В той же сноске он делает вывод из опыта, которого «никогда бы не повторил». Называя способ неподготовленного «внедрения в жизнь» и опроса самих рабочих «нелегальным», поскольку он запрещался и преследовался полицией, а чтение множества выходящих тогда и не запрещенных цензурой печатных книг «легальным материалом», Ленин разъясняет дальше: «…мы понапрасну тратим массу сил революционера (которого в этом легко заменил бы легальный деятель) и все-таки никогда не получаем хорошего материала, ибо рабочим, знающим сплошь да рядом только одно отделение большой фабрики и почти всегда знающим экономические результаты, а не общие условия и нормы своей работы, невозможно и приобрести таких знаний, какие есть у фабричных служащих, инспекторов, врачей и т. п. и какие в массе рассеяны в мелких газетных корреспонденциях и в специальных промышленных, санитарных, земских и пр. изданиях»[87]. Значит ли это, что не надо «внедряться в жизнь», а лучше изучить вопрос по книгам? Нет, конечно. Необходимо и то и другое. «…следовало бы собирать и систематически группировать л е г а л ь н ы й и нелегальный материал»[88]. Но слово «легальный» Ленин подчеркивает, и это к нему он пишет приведенную мной выше сноску, давая читателю заглянуть в интимный уголок своей памяти, где невольно заговариваешь от первого лица.

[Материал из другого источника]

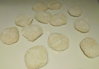 4. Quand la pâte est prête, ajoutez la levure chimique, puis pétrissez pour que la pâte soit homogène. Façonnez la pâte sous forme de saucisson long, puis coupez la en morceaux équivalents (environ 3 cm cube), ensuite abaissez ces morceaux en disques ronds avec la paume de la main (4 mm d'épaisseur environ).

«Легальный», то есть печатный, материал Ленин выделяет и подчеркивает не потому, что считает его более важным, а потому, что «экономисты», с которыми он яростно спорил в «Что делать?», на первое место для революционера ставили стихийные движения самих рабочих, практическую борьбу их за лучшие условия труда, и отсюда естественно вытекал неизбежный эмпиризм «экономистов», снижение ими значения теории, малая теоретическая подготовка, иронический попрек «книжностью» в сторону Ленина и ленинцев. Подчеркнутое Лениным слово «легальный» означало не преимущество книги перед «опросом рабочих», а недостаточное внимание к книге у «экономистов», увлеченных потоком «стихийности» и «практицизма»: «…мы особенно отстали в умении систематически собирать и утилизировать его»[89], — пишет Ленин о печатном материале в том же тексте. Опять это скромное, человечное, ленинское «мы», приписывание общего недостатка и себе, хотя сам Ильич еще в тюрьме и в далеком Шушенском настойчиво запрашивал и читал всевозможные статистические сборники, поглощен был этим «легальным материалом» и, главное, блестяще умел его классифицировать и использовать.

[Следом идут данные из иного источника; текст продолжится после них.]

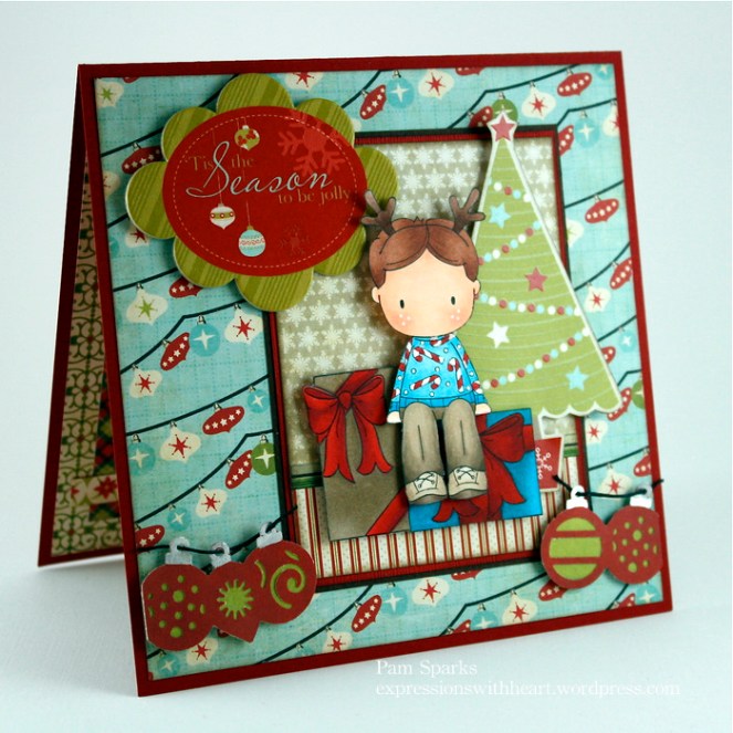 Christmas Trevor is patiently awaiting the moment he can tear into these presents! He’s so cute with his antler headband and candy cane shirt! I colored him with Copic Sketch Markers…check my post from yesterday for the link to Dick Blick’s sale and a great price on Copics! Then in the sidebar on the right… Copic refills HALF PRICE!!! I already ordered what I needed… yea! Hair E 13, 15, 18, 19 … Skin E000, 00, 01 … Shirt B000, 00, 02, 05 …Pants and shoes E40’s …

Но не только на книгу, как на источник общего, подготовительного знания перед «внедрением в жизнь», указывает Ильич «экономистам». В полемике с апологетами нутра и стихийности он напоминает им, что ведь теоретическое рождение социализма возникло отнюдь не из стихийности революционного движения, — социализм привнесен этому движению извне; и не самими рабочими, а мыслящей интеллигенцией и даже — Ленин не убоялся сказать — «буржуазной» интеллигенцией, поскольку никакой другой тогда еще не существовало.

«Учение же социализма выросло из тех философских, исторических, экономических теорий, которые разрабатывались образованными представителями имущих классов, интеллигенцией. Основатели современного научного социализма, Маркс и Энгельс, принадлежали и сами, по своему социальному положению, к буржуазной интеллигенции. Точно так же и в России теоретическое учение социал-демократии возникло совершенно независимо от стихийного роста рабочего движения, возникло как естественный и неизбежный результат развития мысли у революционно-социалистической интеллигенции»[90].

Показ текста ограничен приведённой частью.